[EXERCISE MATERIALS — start]
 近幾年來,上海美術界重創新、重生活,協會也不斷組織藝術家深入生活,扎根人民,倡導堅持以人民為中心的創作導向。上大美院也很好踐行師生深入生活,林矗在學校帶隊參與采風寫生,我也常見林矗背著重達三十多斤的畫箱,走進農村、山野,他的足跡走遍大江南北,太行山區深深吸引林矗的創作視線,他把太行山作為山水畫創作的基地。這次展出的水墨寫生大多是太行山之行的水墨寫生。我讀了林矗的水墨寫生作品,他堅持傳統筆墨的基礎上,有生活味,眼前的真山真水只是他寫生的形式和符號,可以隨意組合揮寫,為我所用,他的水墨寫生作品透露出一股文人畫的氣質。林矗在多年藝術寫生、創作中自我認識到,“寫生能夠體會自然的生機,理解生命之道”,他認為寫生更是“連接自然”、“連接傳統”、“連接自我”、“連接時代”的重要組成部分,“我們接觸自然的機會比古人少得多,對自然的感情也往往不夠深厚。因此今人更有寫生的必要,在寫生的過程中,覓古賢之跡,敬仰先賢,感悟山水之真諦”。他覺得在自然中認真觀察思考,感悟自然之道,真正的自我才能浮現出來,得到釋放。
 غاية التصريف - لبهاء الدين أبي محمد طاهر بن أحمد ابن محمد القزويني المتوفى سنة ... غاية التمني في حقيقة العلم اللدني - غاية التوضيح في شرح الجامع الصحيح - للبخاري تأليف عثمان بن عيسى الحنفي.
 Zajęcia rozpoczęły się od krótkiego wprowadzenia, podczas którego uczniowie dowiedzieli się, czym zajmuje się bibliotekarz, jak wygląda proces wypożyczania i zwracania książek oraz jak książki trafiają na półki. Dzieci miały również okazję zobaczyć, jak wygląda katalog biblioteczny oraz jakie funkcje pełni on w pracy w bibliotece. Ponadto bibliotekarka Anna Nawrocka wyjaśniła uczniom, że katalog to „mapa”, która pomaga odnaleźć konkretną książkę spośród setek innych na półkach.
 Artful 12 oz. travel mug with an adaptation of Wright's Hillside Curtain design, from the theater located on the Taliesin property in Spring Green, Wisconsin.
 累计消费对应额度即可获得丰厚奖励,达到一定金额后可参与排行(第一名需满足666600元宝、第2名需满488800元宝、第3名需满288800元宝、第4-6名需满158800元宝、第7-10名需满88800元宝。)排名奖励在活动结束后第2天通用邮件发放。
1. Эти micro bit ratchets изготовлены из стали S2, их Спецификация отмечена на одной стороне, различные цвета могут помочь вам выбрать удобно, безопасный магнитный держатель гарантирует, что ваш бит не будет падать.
[EXERCISE MATERIALS — finish]
[EXERCISE MATERIALS — start]
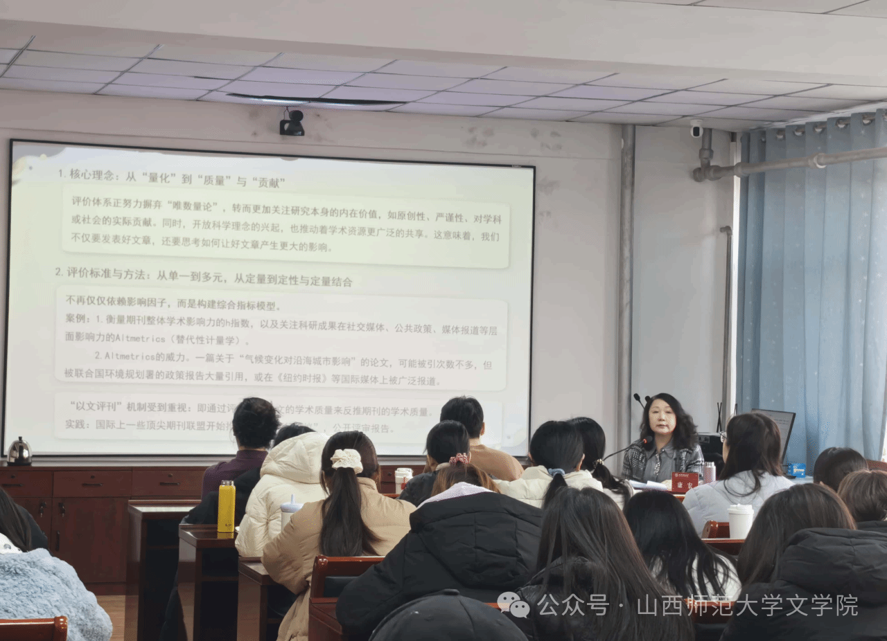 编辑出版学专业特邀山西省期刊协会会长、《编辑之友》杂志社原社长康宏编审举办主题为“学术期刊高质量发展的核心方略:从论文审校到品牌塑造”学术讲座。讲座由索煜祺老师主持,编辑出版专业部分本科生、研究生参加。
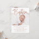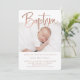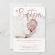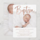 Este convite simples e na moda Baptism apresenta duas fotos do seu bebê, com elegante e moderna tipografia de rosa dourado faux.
[EXERCISE MATERIALS — finish]
| WORK INSTRUCTION |
Output the lines of the records above exactly as they appear, from the line containing "累计消费对应额度即可获得丰厚" through the line containing "1. Эти micro".

| OUTPUT |
 累计消费对应额度即可获得丰厚奖励,达到一定金额后可参与排行(第一名需满足666600元宝、第2名需满488800元宝、第3名需满288800元宝、第4-6名需满158800元宝、第7-10名需满88800元宝。)排名奖励在活动结束后第2天通用邮件发放。
1. Эти micro bit ratchets изготовлены из стали S2, их Спецификация отмечена на одной стороне, различные цвета могут помочь вам выбрать удобно, безопасный магнитный держатель гарантирует, что ваш бит не будет падать.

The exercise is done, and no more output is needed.